Cette jeune femme a porté en elle avec fierté, amour, parfois inquiétude le produit de cette union, de leur union. Elle l'a bercé, choyé avec tendresse, annihilant ses peurs, "la chair de sa chair", le guidant pas à pas pour devenir "petit d'homme". Dans son éducation bien sûr l'homme est présent, c'est la sagesse, le confort, le conseil, l'arbre où se mettre à l'abri des tempêtes juvéniles, le modèle, le tuteur auquel se cramponner. La mère c'est le refuge des peines, des soucis, la compréhension, le réconfort, le pardon, la consolation, ... la rédemption.

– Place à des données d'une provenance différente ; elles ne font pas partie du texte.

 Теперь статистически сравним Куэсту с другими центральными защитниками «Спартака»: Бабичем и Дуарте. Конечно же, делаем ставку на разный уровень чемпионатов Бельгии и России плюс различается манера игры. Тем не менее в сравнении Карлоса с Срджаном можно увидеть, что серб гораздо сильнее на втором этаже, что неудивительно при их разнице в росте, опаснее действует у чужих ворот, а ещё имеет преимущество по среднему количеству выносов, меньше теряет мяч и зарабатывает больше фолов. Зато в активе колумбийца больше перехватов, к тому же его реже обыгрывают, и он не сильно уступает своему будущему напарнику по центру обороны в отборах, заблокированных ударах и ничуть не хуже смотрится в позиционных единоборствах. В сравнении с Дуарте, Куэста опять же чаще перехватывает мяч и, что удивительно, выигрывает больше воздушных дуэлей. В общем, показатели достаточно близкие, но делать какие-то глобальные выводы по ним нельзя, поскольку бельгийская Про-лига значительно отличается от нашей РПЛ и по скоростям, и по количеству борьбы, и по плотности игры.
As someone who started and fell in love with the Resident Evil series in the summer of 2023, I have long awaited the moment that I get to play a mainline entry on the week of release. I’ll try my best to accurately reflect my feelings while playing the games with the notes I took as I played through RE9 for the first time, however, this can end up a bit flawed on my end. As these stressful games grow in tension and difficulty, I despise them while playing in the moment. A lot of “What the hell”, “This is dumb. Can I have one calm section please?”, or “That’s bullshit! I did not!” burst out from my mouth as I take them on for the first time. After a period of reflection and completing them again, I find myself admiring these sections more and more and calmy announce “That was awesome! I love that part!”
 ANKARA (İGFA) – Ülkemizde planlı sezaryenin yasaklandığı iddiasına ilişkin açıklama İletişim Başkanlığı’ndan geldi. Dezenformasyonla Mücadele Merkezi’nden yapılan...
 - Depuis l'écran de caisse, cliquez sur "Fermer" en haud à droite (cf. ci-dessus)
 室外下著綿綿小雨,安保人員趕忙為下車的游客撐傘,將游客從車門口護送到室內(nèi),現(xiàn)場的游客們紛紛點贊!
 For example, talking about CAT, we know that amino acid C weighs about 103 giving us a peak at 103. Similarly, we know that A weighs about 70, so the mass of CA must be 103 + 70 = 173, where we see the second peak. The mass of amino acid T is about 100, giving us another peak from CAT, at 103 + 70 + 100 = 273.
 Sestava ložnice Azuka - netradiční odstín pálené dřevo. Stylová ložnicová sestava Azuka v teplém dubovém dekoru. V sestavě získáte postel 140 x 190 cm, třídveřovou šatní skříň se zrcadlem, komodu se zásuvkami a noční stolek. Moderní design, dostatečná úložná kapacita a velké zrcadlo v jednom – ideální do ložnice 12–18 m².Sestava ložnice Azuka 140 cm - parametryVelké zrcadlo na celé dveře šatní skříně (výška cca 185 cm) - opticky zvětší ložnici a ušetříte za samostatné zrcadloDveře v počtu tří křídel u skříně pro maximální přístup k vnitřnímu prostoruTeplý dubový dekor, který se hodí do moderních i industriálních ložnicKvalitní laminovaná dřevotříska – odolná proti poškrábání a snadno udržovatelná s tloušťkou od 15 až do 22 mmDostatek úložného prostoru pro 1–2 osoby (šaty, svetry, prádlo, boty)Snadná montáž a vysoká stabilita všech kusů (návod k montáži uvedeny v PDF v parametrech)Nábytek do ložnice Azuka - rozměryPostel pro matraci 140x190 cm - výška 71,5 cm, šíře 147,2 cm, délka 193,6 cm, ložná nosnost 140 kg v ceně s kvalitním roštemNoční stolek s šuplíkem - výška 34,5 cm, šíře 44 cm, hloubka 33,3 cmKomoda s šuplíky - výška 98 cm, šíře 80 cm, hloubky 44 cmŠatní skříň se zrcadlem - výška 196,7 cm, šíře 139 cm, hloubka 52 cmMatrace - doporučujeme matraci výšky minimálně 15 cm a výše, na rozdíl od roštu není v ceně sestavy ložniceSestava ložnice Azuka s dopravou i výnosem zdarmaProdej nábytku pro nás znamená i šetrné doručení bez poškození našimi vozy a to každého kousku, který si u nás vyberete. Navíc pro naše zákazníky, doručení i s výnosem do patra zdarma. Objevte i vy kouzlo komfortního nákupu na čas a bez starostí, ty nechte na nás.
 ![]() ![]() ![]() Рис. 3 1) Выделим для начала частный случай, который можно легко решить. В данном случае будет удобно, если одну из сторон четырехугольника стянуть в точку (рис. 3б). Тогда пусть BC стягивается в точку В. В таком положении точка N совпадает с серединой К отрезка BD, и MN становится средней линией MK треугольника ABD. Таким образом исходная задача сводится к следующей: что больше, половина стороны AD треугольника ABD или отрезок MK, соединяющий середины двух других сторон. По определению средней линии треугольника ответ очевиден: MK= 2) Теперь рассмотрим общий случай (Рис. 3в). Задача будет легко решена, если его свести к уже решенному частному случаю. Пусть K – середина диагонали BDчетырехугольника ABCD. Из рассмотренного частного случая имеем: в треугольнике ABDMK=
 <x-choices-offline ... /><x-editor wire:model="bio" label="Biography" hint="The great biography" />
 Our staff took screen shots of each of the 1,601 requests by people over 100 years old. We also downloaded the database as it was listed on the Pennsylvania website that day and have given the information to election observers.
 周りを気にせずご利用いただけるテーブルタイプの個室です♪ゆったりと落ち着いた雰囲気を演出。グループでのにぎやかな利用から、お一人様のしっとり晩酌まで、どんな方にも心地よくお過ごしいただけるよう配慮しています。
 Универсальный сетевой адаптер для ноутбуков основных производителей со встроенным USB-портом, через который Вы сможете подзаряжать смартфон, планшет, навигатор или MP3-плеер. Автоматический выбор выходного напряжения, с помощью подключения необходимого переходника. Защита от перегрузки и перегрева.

Une anecdote : C'était la "guerre". Une nuit qui a mal tourné pour la petite équipe, cinq hommes, retour de patrouille. L'embuscade fut brutale, brève, absurde. Perdus dans l'obscurité et les éboulis deux blessés. En contrebas la masse noire des feuillus s'engorge dans l'oued. Imposante. Oppressante
Les hélicos "evasan" ne peuvent approcher, la nuit est trop dense et le terrain trop escarpé. Il faut attendre l'aube.
Une balle dans l'aine, allongé contre un rocher, ce gamin de 20 ans a tiré contre lui son camarade plus gravement touché, la tête contre sa poitrine, le réconfortant, sa blessure est vilaine, plaie au ventre. La tenue de combat boit à plus soif son sang. Sa vie s'écoule par cette plaie béante... morphine après morphine le délire s'installe et le conduit au repos des souffrances.
Pas un instant de cette longue nuit il ne cessera de parler de sa mère, la réclamant avec insistance, implorant son pardon pour des fautes bénignes dont il s'accuse, de n'avoir pas été un enfant obéissant, il la veut près de lui, contre lui, pour lui dire combien son coeur s'ouvre à elle, combien il l'aime.
Cette nuit d'enfer son camarade, malgré la douleur de sa blessure, le serra contre lui, passant maladroitement ses mains qu'il voulait rassurantes sur son visage, essayant de mettre un substitut à cette douleur encore plus grande qu'est l'absence de l'être le plus indispensable à l'heure des grandes peurs, du grand passage.
Au petit matin l'evasan (évacuation sanitaire par hélicoptère) l'évacua vers l'hôpital du secteur. A son arrivée il avait rendu son âme à Dieu. Mais sa prière durant cette infernale nuit fut pour sa Mère, sans relâche, englobant son désespoir, sa peur, sa douleur, sa détresse, ses larmes. Mais surtout délivrant sa ferveur à la "Mère".
Il est des reflexes que l'on peut expliquer. Ils sont ce que la nature a de plus noble.
Cette raison de l'inconscient a des racines extrêmement profondes. Au seuil de la mort on ne peut qu'être sincère.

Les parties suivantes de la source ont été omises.